Cost estimation in construction represents a quantitative estimate of the probable resource expenses required for completing the activity [1]. A lot of factors affect the cost price. Each of these factors must be analysed, quantified, and estimated.

Estimating the final price requires a large number of elements to be synchronized. The process of defining the elements determining total costs includes the calculation of work quantities and then transferring them into expected costs. The basic elements or resources used and involved in the project during construction can be divided into several groups as follows:(i)Work(ii)Material(iii)Equipment(iv)Profit(v)Time [2]
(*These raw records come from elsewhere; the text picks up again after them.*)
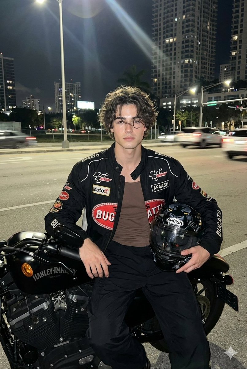 Realistic outdoor nighttime handheld smartphone photo, random candid and unposed. Replace the subject's face with my uploaded reference exactly 1:1 same identity, facial structure, proportions, and skin tone. The subject sitting on a black harley davidson motorcycle on a roadside at night. He is seated on the bike seat, torso slightly leaned forward. He is holding a black panther graphic motorcycle helmet and with brand name af4ash written which meant to be not visible, Merge with the graphic. One hands near the fuel tank and looking directly into the camera. Camera flash is ON, creating strong frontal light on the face and upper body with deep background shadows, typical of real phone flash photography. The face has a natural glass skin glow. calm confident expression. medium length Weavy Messy hairstyle. Messy strands of hair falling naturally near the eyes. Eyes partially visible. Wearing a brown sleeveless tank top and a black buggati biker jacket worn open, multiple moto gp inspired patch and a small patch of af4ash brand on jacket, which should be merged with other patches. Black baggy-fit pants. Background includes motion blurred blurred urban road, nearby tall buildings, street lights and building ambience mixed with phone flash. Shot at eye level with natural smartphone perspective, sharp but realistic focus, slight low-light grain. No Sunglasses, No filters, no cinematic grading, natural realistic look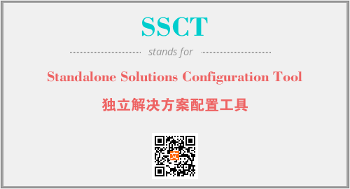 英文缩略词“SSCT”经常作为“Standalone Solutions Configuration Tool”的英文缩写来使用,中文表示:“独立解决方案配置工具”。本文将详细介绍英文缩写词SSCT所代表英文单词,其对应的中文拼音、详细解释以及在英语中的流行度。此外,还有关于缩略词SSCT的分类、应用领域及相关应用示例等。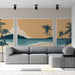 This mural wallpaper evokes a paradisiacal beach immortalized in three parts, showcasing elegant palm trees against a backdrop of warm dawn. The orange and navy blue tones combine to create a serene and relaxing atmosphere, ideal for a contemporary interior.
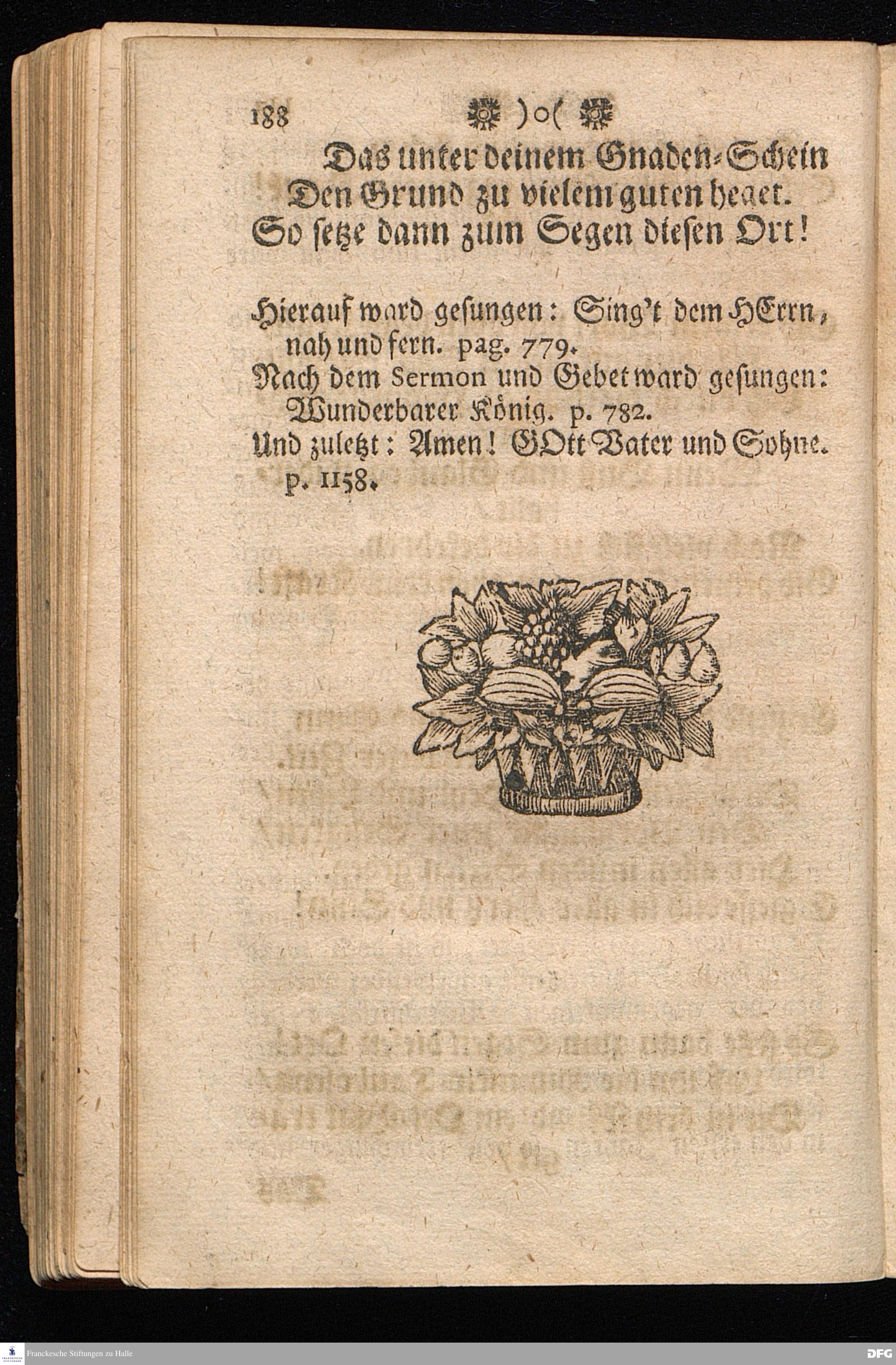 Der von GOTT in dem Wäysenhause zu Glaucha an Halle (für ietzo auf 500. Personen) Zubereitete Tisch / Nach seinem Anfang / Fortgang / gegenwärtigem Zustand und eingeführter Tisch=Ordnung kürtzlich beschrieben, mit angehängten 2. Erweckungs Reden / Deren die erste Anno 1699. [vielmehr 1700!] bey Einweihung des damaligen kleinern Speise=Saals, Die andere Anno 1711. bey Einweihung des grossen Saals gehalten worden, von August Hermann Francken / S.Theol.Prof.& Past.zu S.Ulrich / und des Gymnasii Scholarcha, h.t. Acad.Pro-Rectore. HALLE, In Verlegung des Wäysenhauses, MDCCXVII.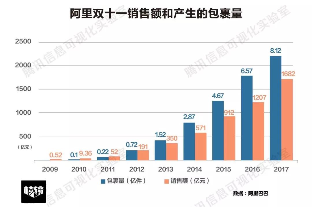 在即将到来的第十个“双十一”前夜,阿里巴巴CEO张勇预测,仅天猫一家平台产生的包裹量将会超过10亿件,比去年增加20%以上。如果算上京东、拼多多、苏宁易购、唯品会等平台,今年的包裹数又将是一个天文数字。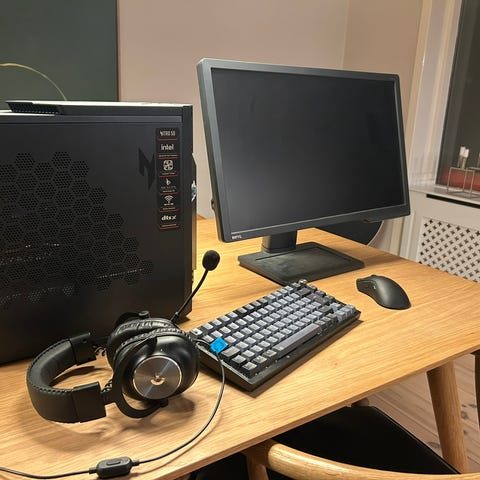 Skærmen giver en super fed gaming oplevelse med ultrawide format og høj refresh rate (180Hz), som gør spil meget mere smooth.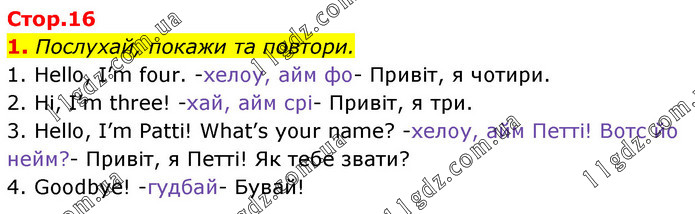 1. Послухай, покажи та повтори. 1. Hello, I’m four. -хелоу, айм фо- Привіт, я чотири. 2. Hi, I’m three! -хай, айм срі- Привіт, я три. 3. Hello, I’m Patti! What’s your name? -хелоу, айм Петті! Вотс йо нейм?- Привіт, я Петті! Як тебе звати? 4. Goodbye! -гудбай- Бувай!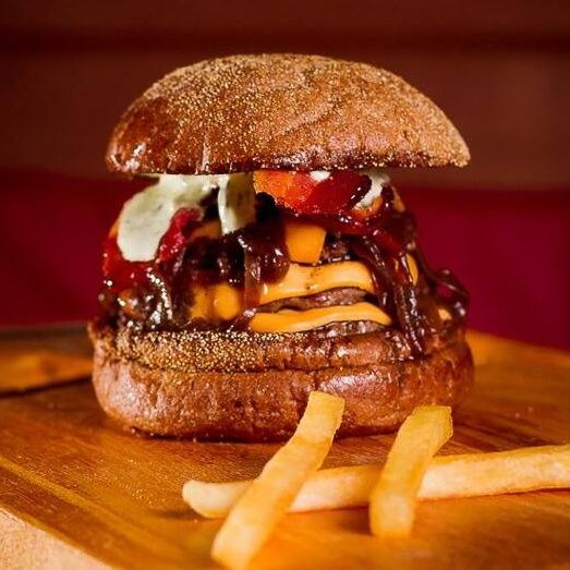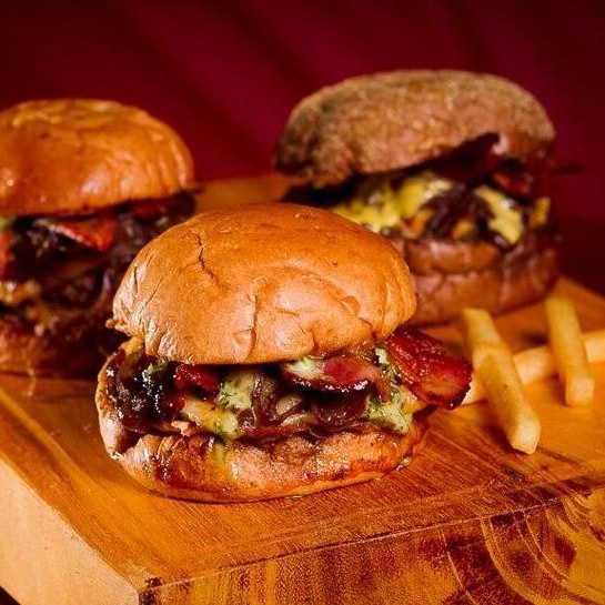 03 carnes de aproximadamente 75 (cada) blend da casa, queijo cheddar, cebola caramelizada, bacon, molho de ervas, no pão australiano.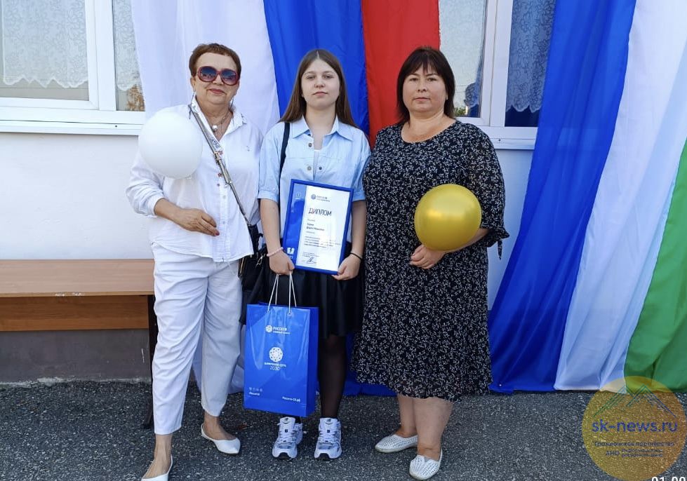 Диплом победителя и ценный приз Дарье вручили энергетики филиала «Россети Северный Кавказ» – «Каббалкэнерго» во время торжественной линейки в средней общеобразовательной школе № 8 станицы Котляревской Майского района.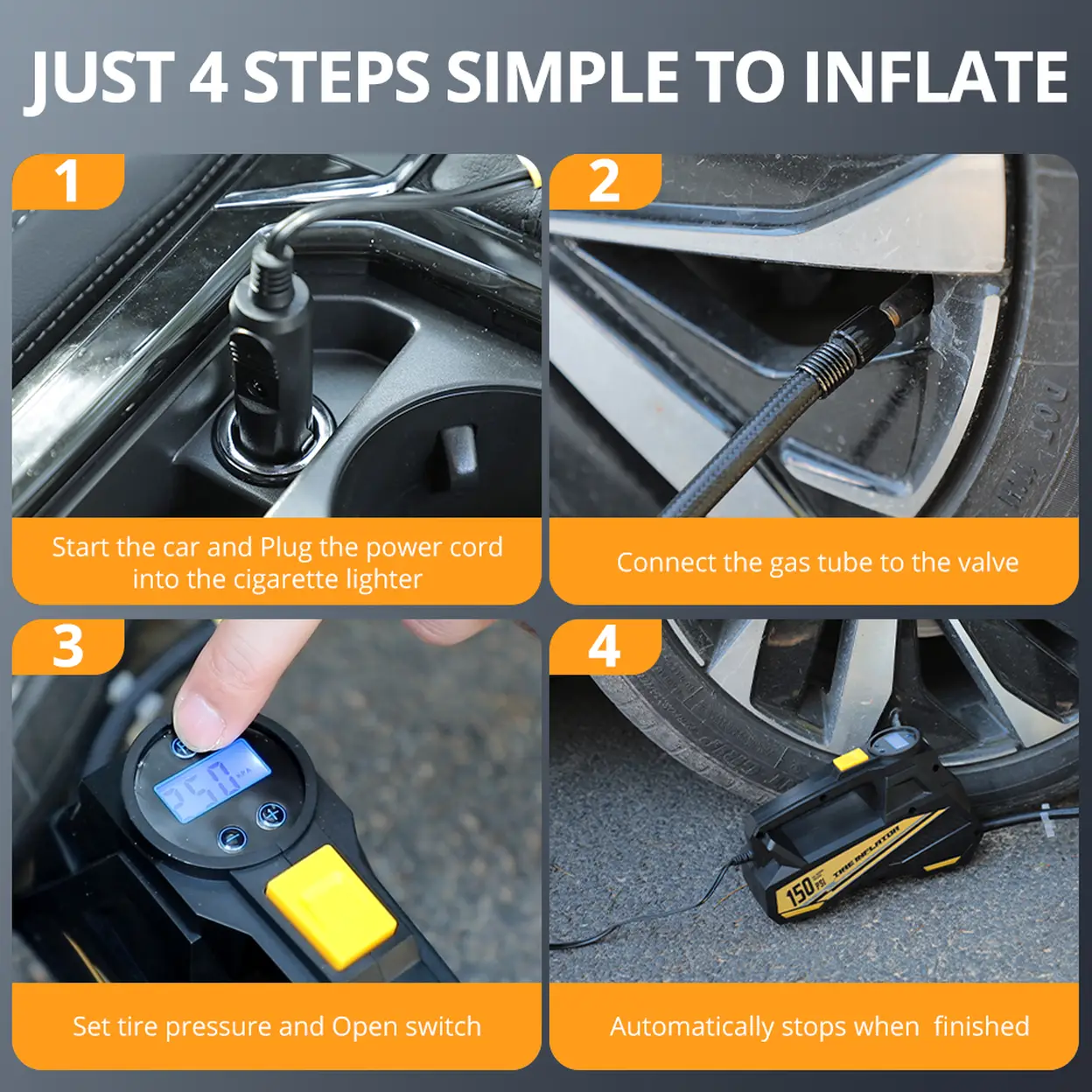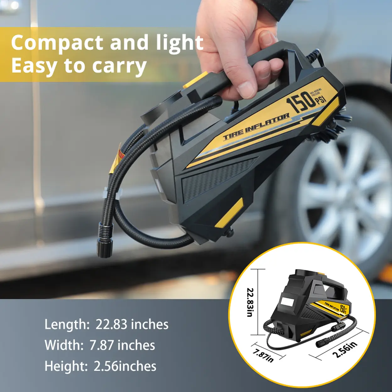CARSUN Upgraded 12V 150PSI Corded Electric Tire Inflator: High-Performance Portable Air Compressor for Car, Motorcycle, Bike & Ball

In order to carry out a project, it is necessary to organize teams with a large number of people. The initiative for entering the process of project implementation is started by the investor. The other participants in the project are a consultant, designer, expert supervision, contractor, and stakeholders.

In addition to the investor, the contractor has an important role on the project, since he represents a direct executor of the construction. An investor chooses a contractor based on certain criteria. Most commonly, these criteria require the construction of the highest quality structure with the minimum amount of money expended and in the shortest time possible. Clearly, these are the criteria that strive to idealize the entire course of the project and are therefore difficult to achieve.

The investor and contractor estimate costs for themselves, separately. Depending on the cost estimation results, the decisions are made about the further steps in the project. It is often the case that certain project implementation is withdrawn after the estimation, or the design is significantly modified.

A large number of factors, such as availability, quality, and the level of details in technical documentation, estimation method as well as the expertise of people performing the estimate, determine its quality and reliability from the aspect of satisfactory accuracy. The initial phases of project implementation are characterized by the insufficient data quantity. Each subsequent phase brings new data. The availability of the necessary data helps to increase the accuracy of the estimate. In 1974, Barnes presented the dependence of cost estimate accuracy and the phase of the project (see Figure 1).


Figure 1 
Cost estimate reliability [3].

The price offered by a contractor for project implementation is usually the main and quite often the only criteria based on which the investor chooses a contractor. Thus, the procedure for choosing a contractor according to this criterion is extremely simple, since the bidder with the lowest price will be chosen as the contractor. The problem with this method of contractor selection is the inability to see whether the project will be successfully completed, i.e., whether the contractor who offered the lowest price will be able to complete the project in the expected or at least satisfactory way (taking into account expenses, quality, and time).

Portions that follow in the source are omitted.